State v. Jose M. Jaimes, 2006 WI App 93, PFR filed 5/11/06
For Jaimes: Joseph L. Sommers
¶11 Next, Jaimes argues that the prosecutor’s responsibility to avoid provoking a mistrial must extend to the law enforcement officers who testify at trial …. In effect, Jaimes argues that the officer’s testimony must be imputed to the prosecutor, and when an officer testifies about explicitly excluded evidence, it is binding on the prosecutor so as to attach double jeopardy.¶12 In response to this argument, the State acknowledges that no Wisconsin court has addressed this argument. It urges us to follow other jurisdictions’ holding that a police officer’s testimony creating a basis for the mistrial—in the absence of evidence of collusion by the prosecutor’s office intended to provoke the defendant to move for a mistrial—does not constitute prosecutorial overreaching to bar a retrial. We agree …

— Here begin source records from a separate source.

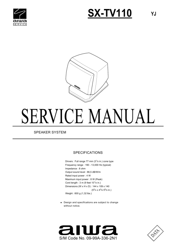 Opis AIWA SXTV110YJ Instrukcja Serwisowa
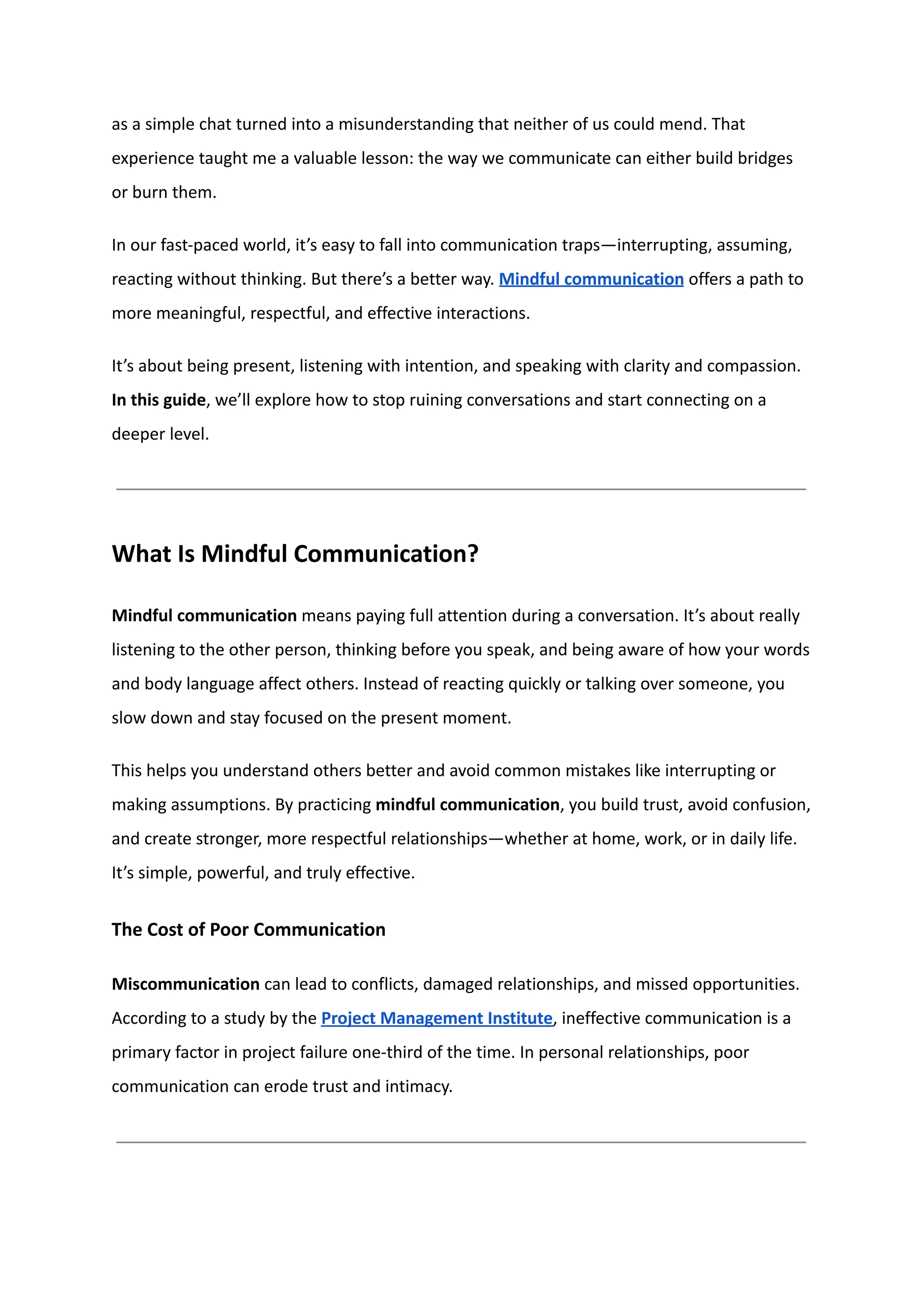 Mindful communication is the practice of being fully present in conversations. It helps reduce misunderstandings, boost emotional intelligence, and improve relationships. By listening actively, managing emotions, asking thoughtful questions, and reflecting daily, you can avoid common pitfalls like interrupting, multitasking, or reacting too quickly.
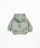 Sa couleur vert sauge chiné, parsemée d’inscriptions noires dessinées à la main, apporte une touche graphique originale. Il se ferme par un bouton en bois sur le devant, et sa coupe ample avec poignets et bas resserrés lui donne un look casual irrésistible.
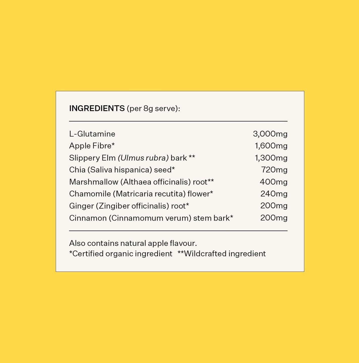 Promotes a healthy and functional gut barrier by maintaining gut lining integrity and intestinal cell turnover, assisted by anti-inflammatory effects of herbs marshmallow and chamomile as well as spices ginger and cinnamon. Soothing slippery elm coats and protects the delicate gut mucosal membrane, while prebiotic apple fibre promotes a balanced microbiome for overall improved gut health.
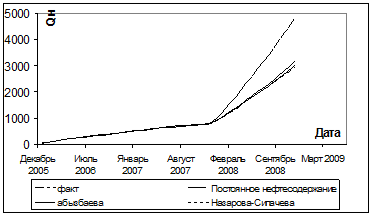 Динамика накопленной добычи нефти, жидкости и накопленной закачки воды приведена на рис. 57
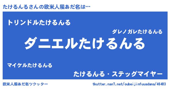 | 男性向けラノベタイトル風あだ名 | 『おまえをオタクにしてやるから、俺をたけるんるにしてくれ! 』 |

Citing with approval, People v. Walker, 720 N.E.2d 297, 301 (Ill. App. Ct. 1999), ¶13, and several other cases, ¶13 n. 1. The court also notes: “The test for overreaching is meant to be an onerous one as many trials admittedly will have some evidentiary error, and the remedies of striking the testimony, admonishing the prosecutor or witness or issuing a cautionary instruction typically are viewed as sufficient to remove prejudice to a criminal defendant,” ¶14. There was no “evidence that the prosecutor colluded with the officer to provoke the defendant into moving for a mistrial,” and so retrial wasn’t barred, ¶15.